## [EXERCISE INPUT]

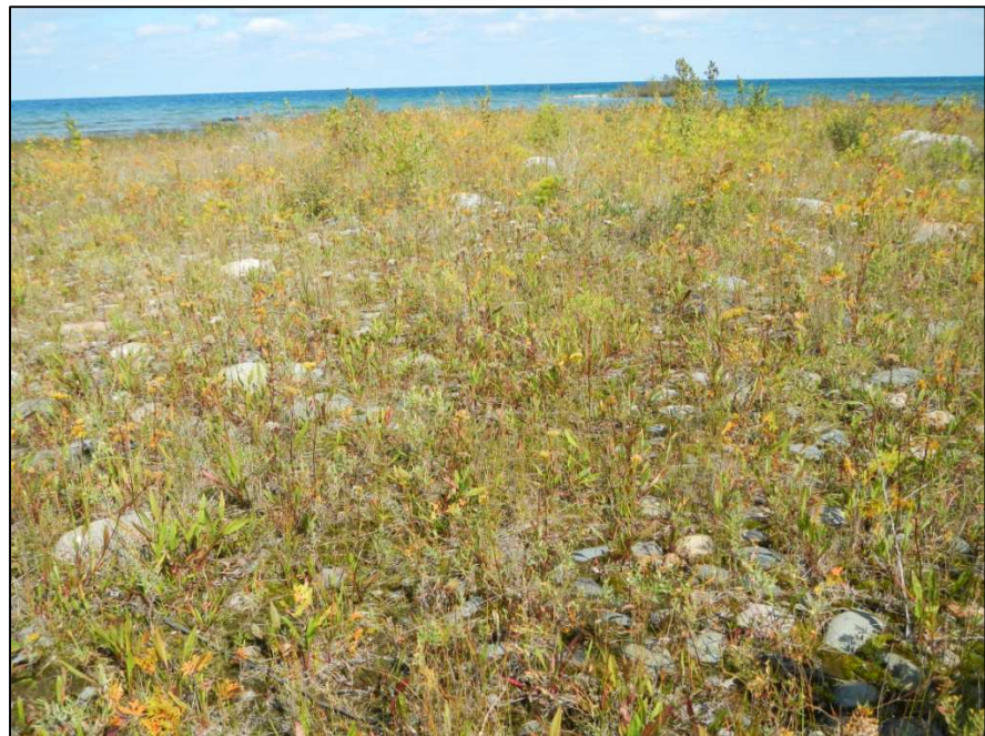
Figure 6. View of project area near the shoreline looking out into Lake Huron (note the lack of any suitable sandy areas).

As for the Eastern Massasauga, no individuals were seen and no habitat exists within the zone surveyed. For the Lake Huron locust, no sand features are present within the zone surveyed (Figures 6 and 7), and therefore no habitat is available for this species here. Our findings suggest that the proposed project will likely have no significant impact on any of the three rare animals mentioned above.
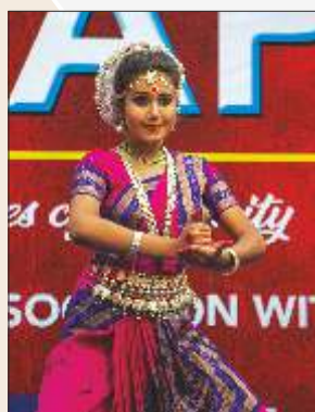
Eastern Dance Performance at Aalap 2018
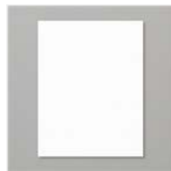
Basic White 8-1/2 X 11 Cardstock - 159276
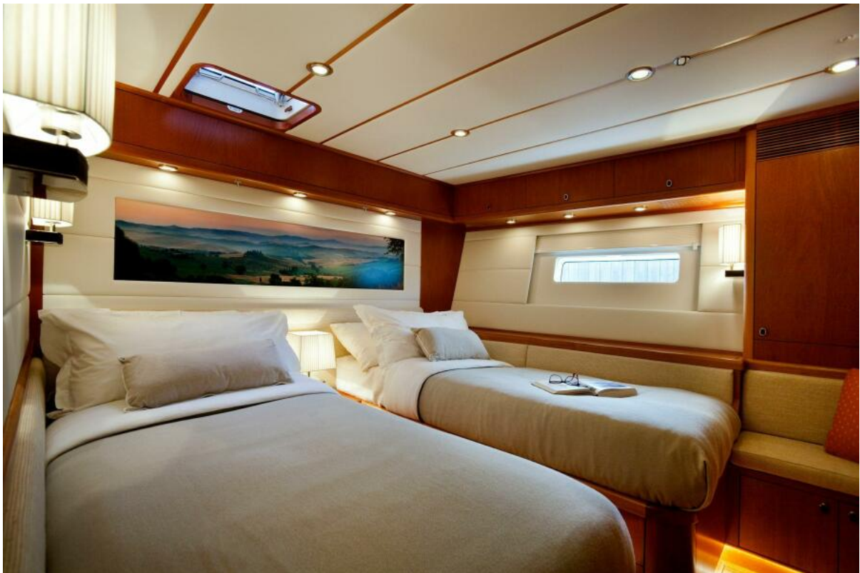
28_SELENA_Swan 105_8Guest Twin (4)
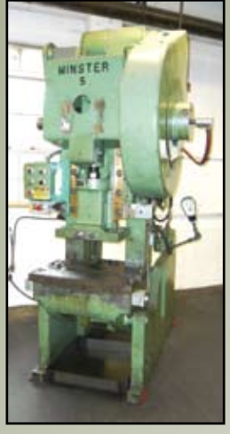
45-Ton Minster #5 OBI Flywheel Type Press
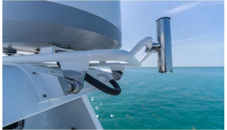
Loop ready electronics

## [REQUIREMENT]
Your copy should hold only the lines from the one containing "As for the Eastern" through the last line of the listing, both included, retyped exactly and free of pictures.

## [RESPONSE TO THE TASK]
As for the Eastern Massasauga, no individuals were seen and no habitat exists within the zone surveyed. For the Lake Huron locust, no sand features are present within the zone surveyed (Figures 6 and 7), and therefore no habitat is available for this species here. Our findings suggest that the proposed project will likely have no significant impact on any of the three rare animals mentioned above.
Eastern Dance Performance at Aalap 2018
Basic White 8-1/2 X 11 Cardstock - 159276
28_SELENA_Swan 105_8Guest Twin (4)
45-Ton Minster #5 OBI Flywheel Type Press
Loop ready electronics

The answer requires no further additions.